Structure-preserving parametric finite element methods for two-phase Stokes flow based on Lagrange multiplier approaches

TL;DR

This paper introduces a new parametric finite element approach for two-phase Stokes flow that preserves energy decay and volume at the discrete level, employing Lagrange multipliers and higher-order time discretizations.

Contribution

It proposes a novel Lagrange multiplier formulation that ensures structure preservation in finite element methods for two-phase Stokes flow, with efficient nonlinear solvers.

Findings

Methods achieve desired temporal accuracy.

Exact preservation of energy-decaying property.

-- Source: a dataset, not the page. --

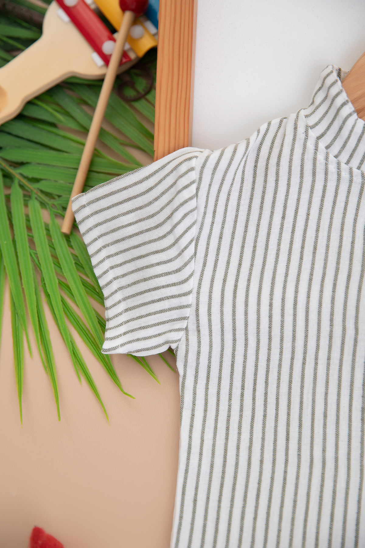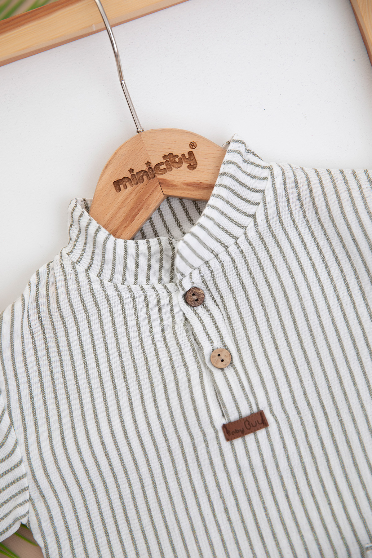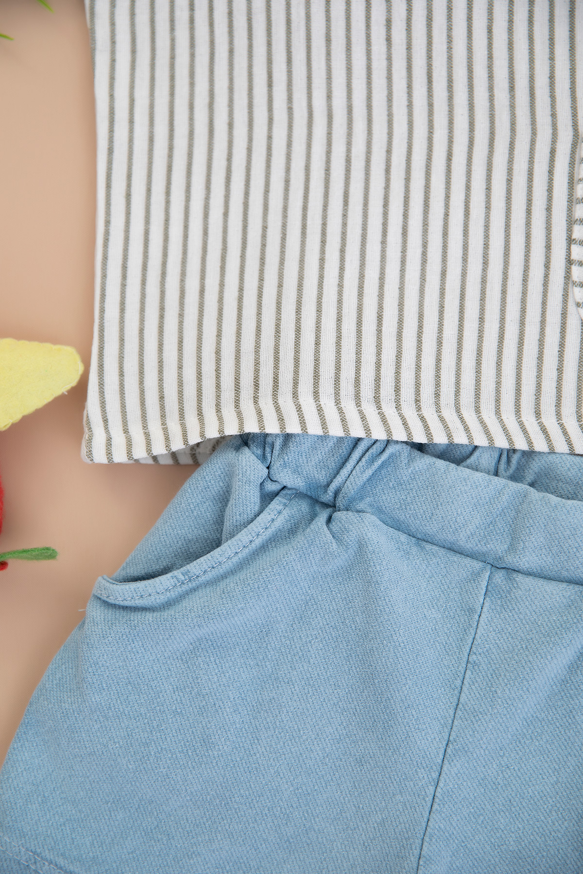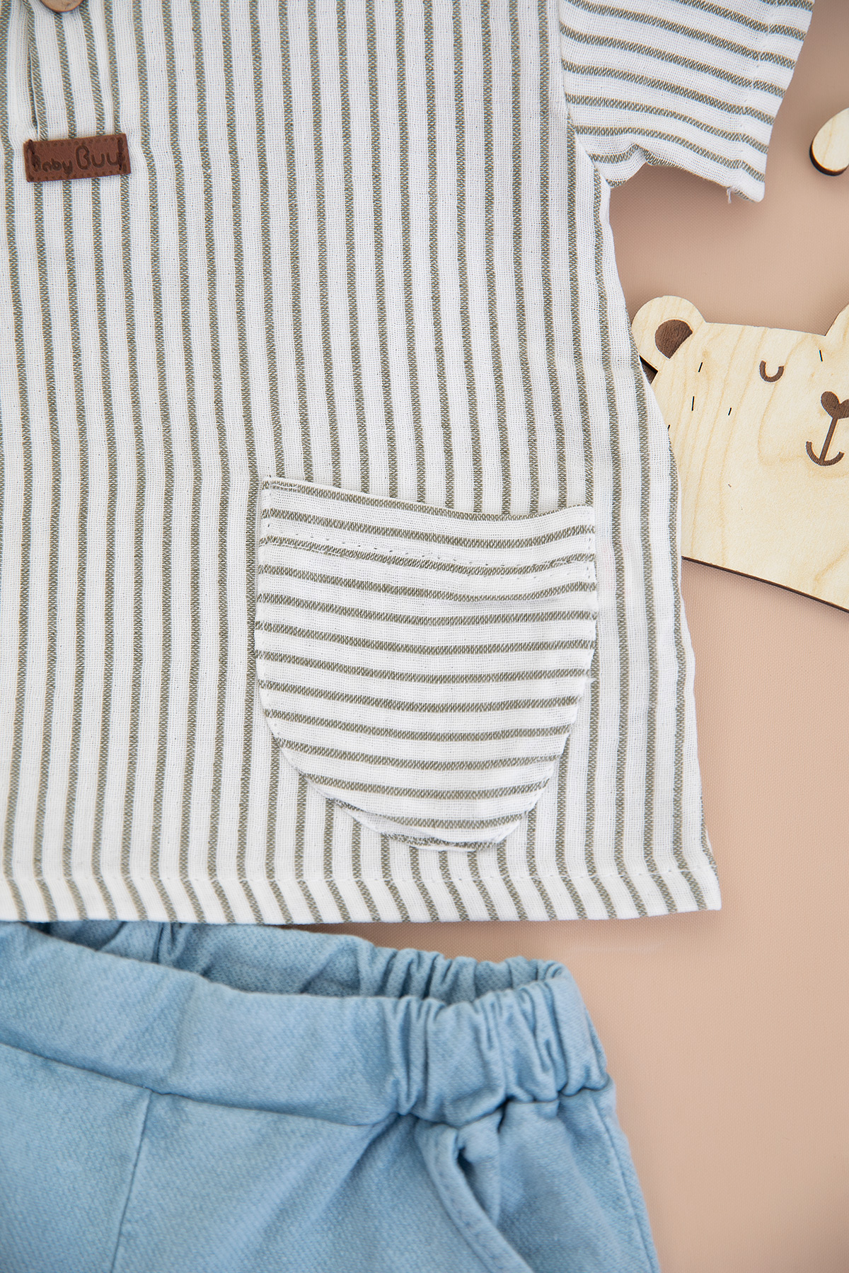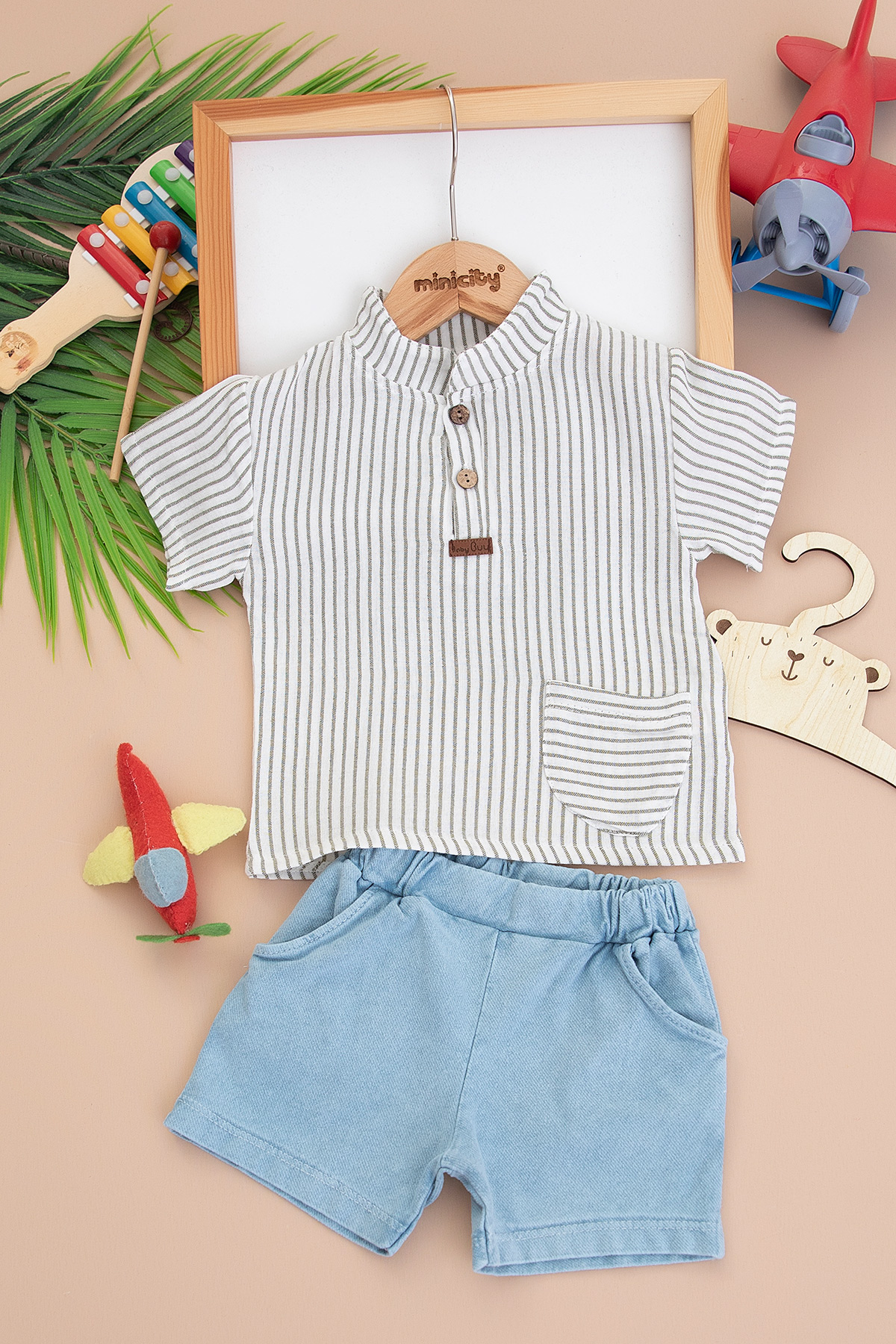 Erkek Bebek Çizgili Gömlek Kot Şort Takım - 0211 (6-18 Ay)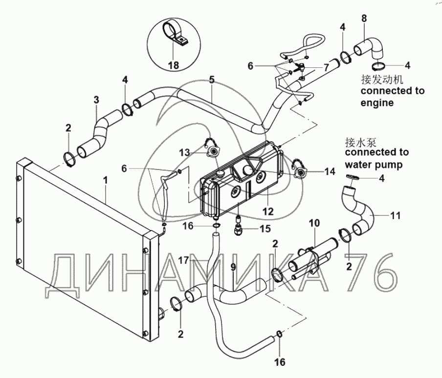 Перечень комплектующих от Cooling water pipe на XMQ-6127

Volume-preserving at the discrete level.

Abstract

We present a novel formulation for parametric finite element methods to approximate two-phase Stokes flow. The new formulation is based on the classical Stokes equation in the bulk and a novel choice of interface conditions with additional Lagrange multipliers. This new Lagrange multiplier approach ensures that the numerical methods exactly preserve two physical structures of two-phase Stokes flow at the fully discrete level: (i) the energy-decaying and (ii) the volume-preserving properties. Moreover, different types of higher-order time discretization methods are employed, including the Crank--Nicolson method and the second-order backward differentiation formula approach. The resulting schemes are nonlinear and can be efficiently solved by using the Newton method with a decoupling technique. Extensive numerical experiments demonstrate that our methods achieve the desired temporal accuracy while preserving the two physical structures of the two-phase Stokes system.